The boys‘ love or nature love between boys is different from the circle of gay. BL is a kind of emotion always can only be seen in literary output due to its strict conditions. BL ought to be explained like this, a beautiful boy is falling love with somebody else, by coincidence, it is a beautiful boy. BL is more like a Platonic love, BL always give a picture of spiritual experiences of boys‘love but fewer sex. In other word, BL is just a kind of comic form.

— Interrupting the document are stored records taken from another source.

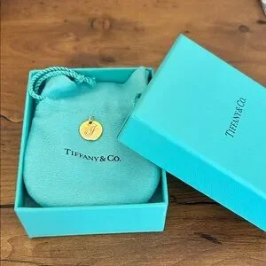 Authentic Tiffany Letter J pendant in 18k sold yellow gold. In like new condition. No scratches. Comes with original pouch and box.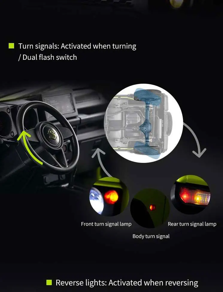 • 【Outstanding Car Light System】Headlights: Full Beam / Dipped ; Turn signals: Activated when turning / Dual flash switch; Fog lights: Front & rear fog lights can be activated remotely; Brake lights: Activated when parking; Reverse lights: Activated when reversing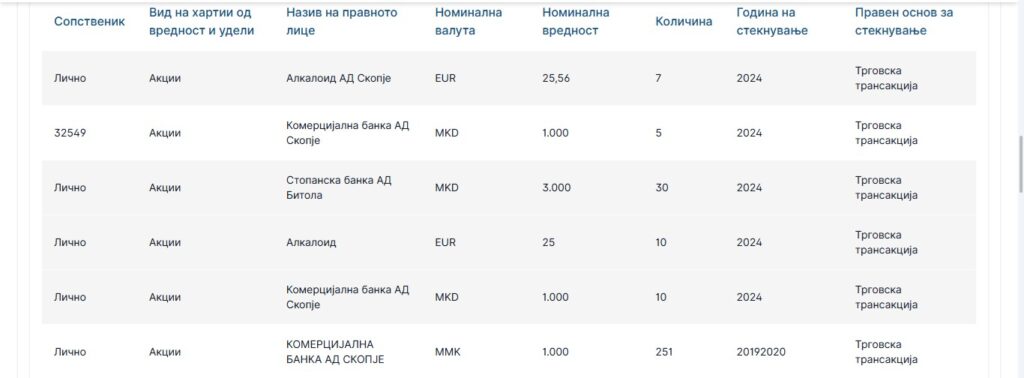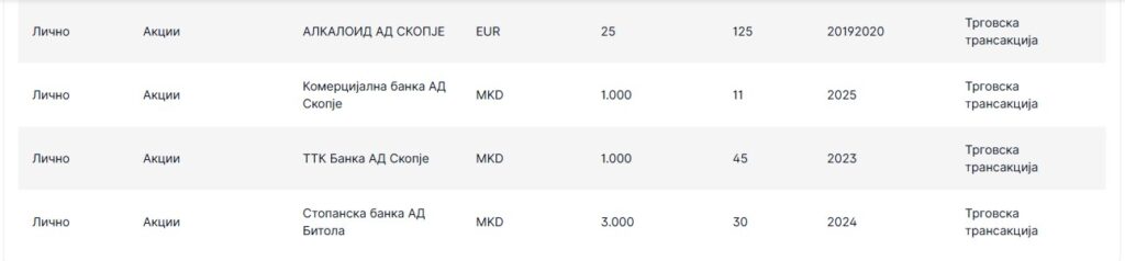 Пријавил и акции во компании чии акции важат за најтргувани на Македонската берза.

The researchers in Japanese comics always concentrated on its social influences, characteristics, conditions, etc. There is scarce any research touching on the comic forms. BL comics are a special component of the comics, and this form demonstrates a series of phenomenon in sociology.
With an informal research, BL comics is now turning into a common fashionable comic form among the Asia regions. However, with great exchanges with other areas, there also exists a large number of BL comic fans in Mainland China, and most of them are young ladies. Given this background, BL is treated as an exclusive form to the young ladies, and it largely reflects values and tastes of these ladies. The findings of this thesis might provide insights into a desire understanding males and an expectation of a fathfully lover.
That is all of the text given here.